Assignment: Using the data below, print exactly the line with "These stunning earrings", the line with "Ремешок металлический для", and every line between them, but none of the pictures.

(Records for the task begins)

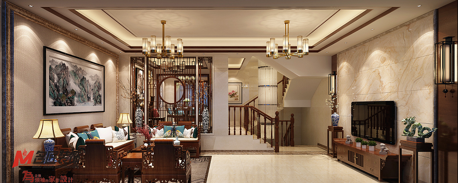 日照敏捷別墅新中式風(fēng)格裝修效果圖
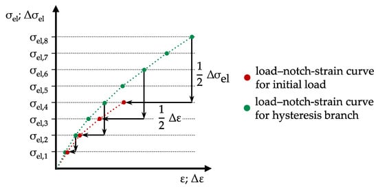 Between the load–notch-strain curve for the initial load and the load–notch-strain curve for the hysteresis branch, there exists a relationship by which the load–notch-strain curve of the initial load can be inferred from the load–notch-strain curve of the hysteresis branch without simulation. By halving the ranges of the elasticity-theoretical stress Δσel and the strain ranges Δε of every second class of the load–notch-strain curve of the hysteresis branch, the load–notch-strain curve of the initial load is obtained []; see Equations (9) and (10), where nC is the number of classes. Figure 5 illustrates this procedure, following the descriptions given in Section 2.2. Due to this connection, it is only necessary to carry out the FEA with the double stress–strain curve according to Equation (6) for the hysteresis branch; the load–notch-strain curve for the initial load can be calculated from this. Thus, one-third of the load steps to be simulated are unnecessary.
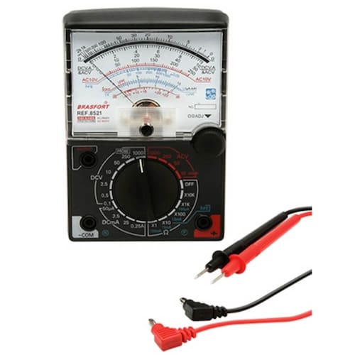 O multímetro é capaz de realizar a medição da corrente contínua, tensão alternada e contínua, resistência elétrica, polarização de transistor e teste de continuidade.
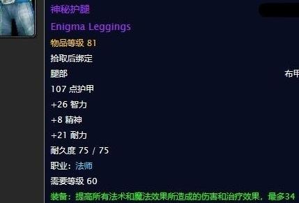 任务奖励:神秘护腿,经验9950XP(满级可获得59银70铜),+250诺兹多姆的子嗣声望
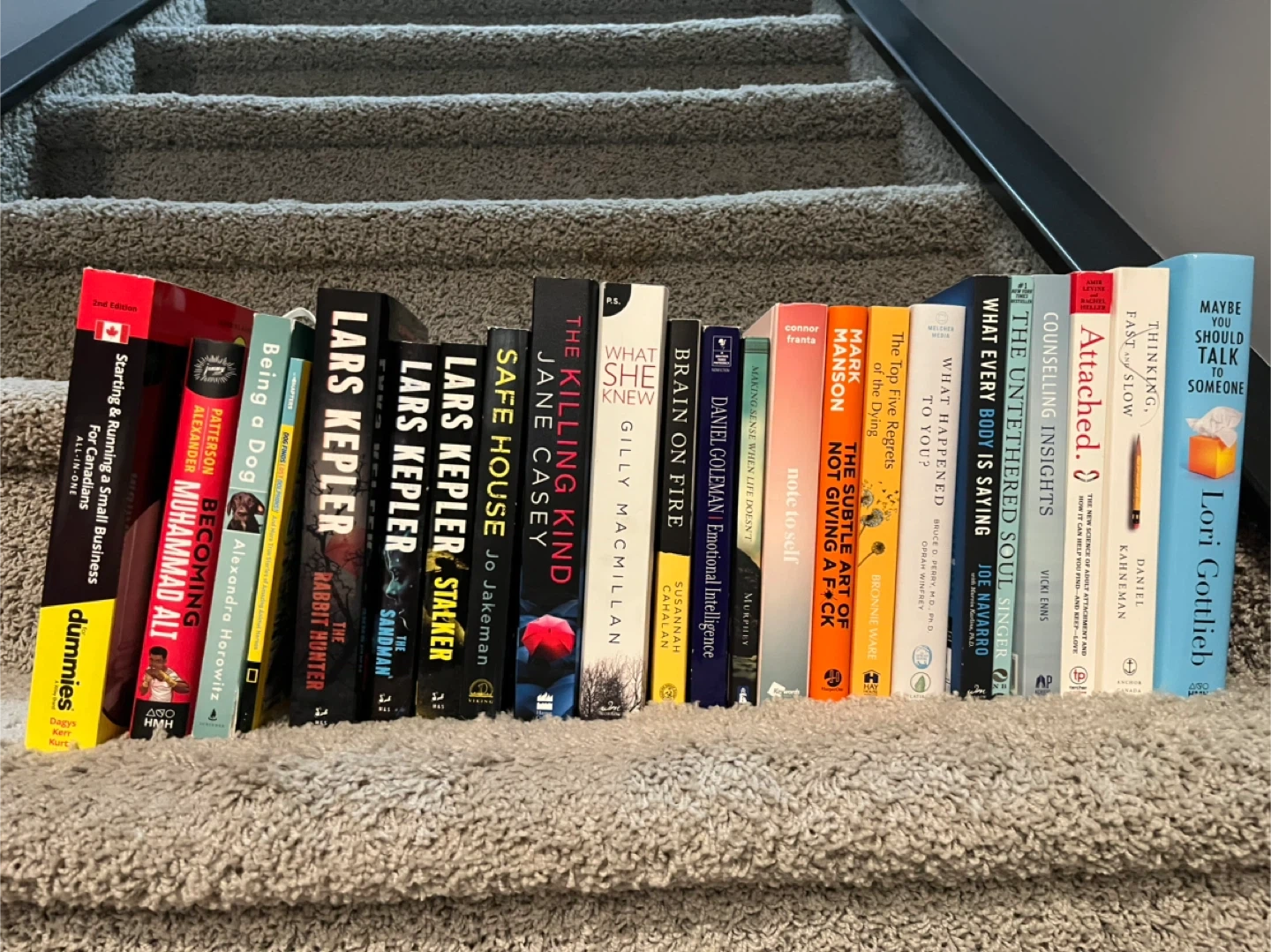 Selling a collection of books, including novels like Lars Kepler's series and Jane Casey's 'Safe House', and self-help books like 'The Subtle Art of Not Giving a F*ck' by Mark Manson and 'Maybe You Should Talk to Someone' by Lori Gottlieb. Also included is 'Starting & Running a Small Business for Canadians' for those interested in entrepreneurship
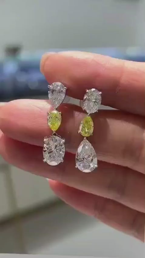 These stunning earrings feature a luxurious combination of fancy yellow pear-cut diamonds and dazzling white diamonds in pear and oval shapes. Set in white gold, they are perfect for formal occasions and red carpet glamour.
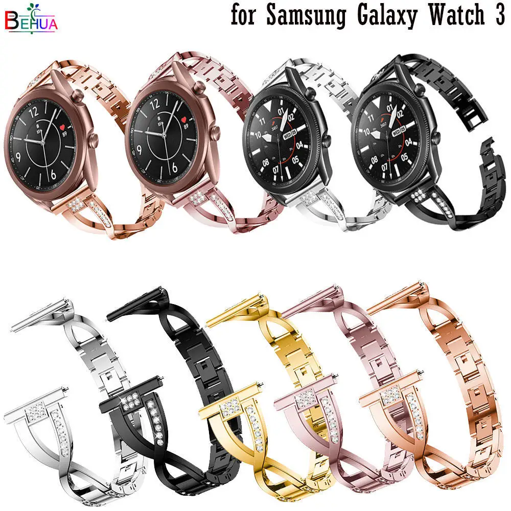 Ремешок металлический для наручных часов, сменный Браслет со стразами для Samsung Galaxy Watch 3 45 мм 41 мм
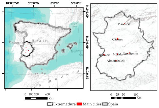 The study focuses on Extremadura, which is an autonomous community located in the interior of Spain. It is made up of two provinces, Cáceres and Badajoz, although rural tourism takes on greater dimensions in the former. It shares a border with Portugal, the oldest border in Europe [46]. It also borders with other autonomous communities within the country such as Castilla y León, Castilla-La Mancha, and Andalusia (Figure 1).

(Records for the task ends)

Exercise output:
 These stunning earrings feature a luxurious combination of fancy yellow pear-cut diamonds and dazzling white diamonds in pear and oval shapes. Set in white gold, they are perfect for formal occasions and red carpet glamour.
 Ремешок металлический для наручных часов, сменный Браслет со стразами для Samsung Galaxy Watch 3 45 мм 41 мм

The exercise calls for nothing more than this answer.